Scarcity of skilled resources will be a major risk in 2026. This will be made worse by two key issues: the impact of tariffs driving a rush to build manufacturing facilities in the US, plus growth in areas like data centres pulling from the same talent pool.

There is an opportunity here, but it needs a more deliberate approach. I’m seeing better outcomes when teams take the time to understand the pressure in each location, map what skills are needed at each stage of the project and build a realistic resource plan around that. This is part of agile portfolio planning: weighing up whether a location is genuinely feasible, and whether it can deliver the speed to market the pharmaceuticals sector needs to protect returns.

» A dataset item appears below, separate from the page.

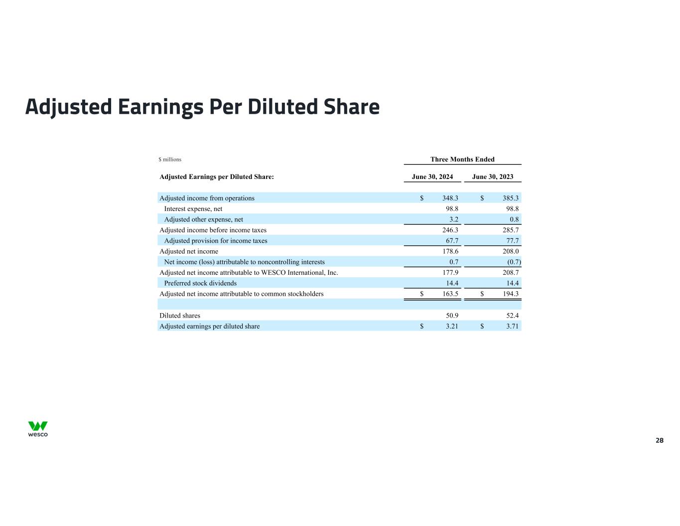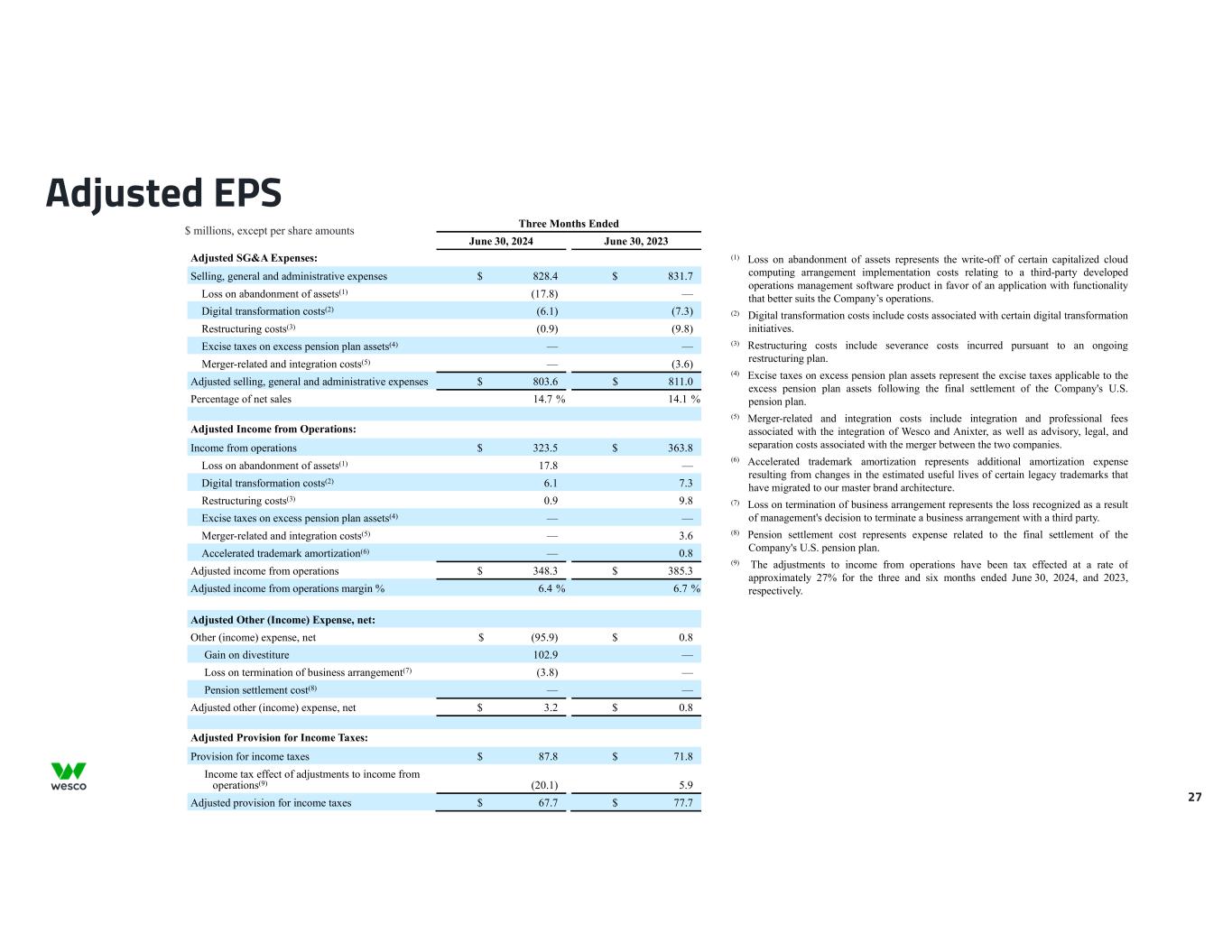 27 $ millions, except per share amounts Adjusted EPS Three Months Ended June 30, 2024 June 30, 2023 Adjusted SG&A Expenses: Selling, general and administrative expenses $ 828.4 $ 831.7 Loss on abandonment of assets(1) (17.8) — Digital transformation costs(2) (6.1) (7.3) Restructuring costs(3) (0.9) (9.8) Excise taxes on excess pension plan assets(4) — — Merger-related and integration costs(5) — (3.6) Adjusted selling, general and administrative expenses $ 803.6 $ 811.0 Percentage of net sales 14.7 % 14.1 % Adjusted Income from Operations: Income from operations $ 323.5 $ 363.8 Loss on abandonment of assets(1) 17.8 — Digital transformation costs(2) 6.1 7.3 Restructuring costs(3) 0.9 9.8 Excise taxes on excess pension plan assets(4) — — Merger-related and integration costs(5) — 3.6 Accelerated trademark amortization(6) — 0.8 Adjusted income from operations $ 348.3 $ 385.3 Adjusted income from operations margin % 6.4 % 6.7 % Adjusted Other (Income) Expense, net: Other (income) expense, net $ (95.9) $ 0.8 Gain on divestiture 102.9 — Loss on termination of business arrangement(7) (3.8) — Pension settlement cost(8) — — Adjusted other (income) expense, net $ 3.2 $ 0.8 Adjusted Provision for Income Taxes: Provision for income taxes $ 87.8 $ 71.8 Income tax effect of adjustments to income from operations(9) (20.1) 5.9 Adjusted provision for income taxes $ 67.7 $ 77.7 (1) Loss on abandonment of assets represents the write-off of certain capitalized cloud computing arrangement implementation costs relating to a third-party developed operations management software product in favor of an application with functionality that better suits the Company’s operations. (2) Digital transformation costs include costs associated with certain digital transformation initiatives. (3) Restructuring costs include severance costs incurred pursuant to an ongoing restructuring plan. (4) Excise taxes on excess pension plan assets represent the excise taxes applicable to the excess pension plan assets following the final settlement of the Company's U.S. pension plan. (5) Merger-related and integration costs include integration and professional fees associated with the integration of Wesco and Anixter, as well as advisory, legal, and separation costs associated with the merger between the two companies. (6) Accelerated trademark amortization represents additional amortization expense resulting from changes in the estimated useful lives of certain legacy trademarks that have migrated to our master brand architecture. (7) Loss on termination of business arrangement represents the loss recognized as a result of management's decision to terminate a business arrangement with a third party. (8) Pension settlement cost represents expense related to the final settlement of the Company's U.S. pension plan. (9) The adjustments to income from operations have been tax effected at a rate of approximately 27% for the three and six months ended June 30, 2024, and 2023, respectively.

We also need to be more open-minded about how we tackle shortages. Transferable skills matter. People do not need “pharmaceuticals” on their CV to add value in complex projects. The key is to be realistic about where capacity will come from, and to build that into long-term portfolio planning rather than hoping the market will fix it.

3. Digitisation and data

Digitisation will continue to be a major theme. However, the challenge will be applying technology in right way, at the right time. In 2026, the advantage will go to teams that treat data as a decision-making tool. Pharmaceuticals has too many moving parts, approvals, quality, supply chains, product changeovers and time pressure, to rely on instinct.

For me, the goal must be preparation. Use clean, trusted data and comprehensive benchmarking to understand where challenges will strike, what is most likely to change, and what options you have if it does. That lets you make confident decisions at speed, and it helps you design and build facilities that can adapt as needs shift. AI can help, but only when it sits on solid data and is used with clear purpose.


Trend to watch

There are clear signs that China is moving to align with international regulations. If that continues, it will increase standardisation, efficiency and make China and the Asia region even more competitive. This will be an important situation to watch as it unfolds, because it will dictate where future investment goes and how quickly capacity can be brought online globally.

What I’d do now to be ready

1

Manage your portfolio, not a set of one-off projects. Link build decisions to present and future potential supply chain needs, product lifecycle reality and timings. So priorities and capacity can change quickly and calmly.

2

Think about labour differently, and think about it early. Plan around scarce skills, expect competition from other sectors, and widen the pool using transferable skills where it makes sense.

3

Use data, benchmarking and AI to tighten decisions. Make risk visible, improve forecasting, and use digital tools, such as AI, purposefully to ensure faster, better decision-making.

In 2026, speed to market will still be the prize, but preparation and agility will be the differentiators. The answer is preparation: joined-up planning, data-backed decision-making, and adaptability build in from the start.

Case study

Regaining control on a high-stakes pharmaceuticals build

A global pharmaceutical company needed to streamline reagent handling at a key US site. Their existing setup was fragmented and ageing, creating operational risk and threatening delivery timelines.

The challenge? Urgency and uncertainty. Delays and permitting issues were putting pressure on the schedule. The client needed fast, clear visibility on cost, time and risk—to make confident decisions in real time.

We stepped in with a hands-on team. We simplified reporting, so decisions were based on facts, not assumptions. We strengthened links with delivery partners and reworked the construction sequence to claw back time.

The impact was clear.

We delivered over $2.5m in savings and cut the delay by a third. And we didn’t just fix the problem, we left behind smarter tools, templates and reporting the team could keep using. Practical tech, used with purpose to make complex programmes easier to run.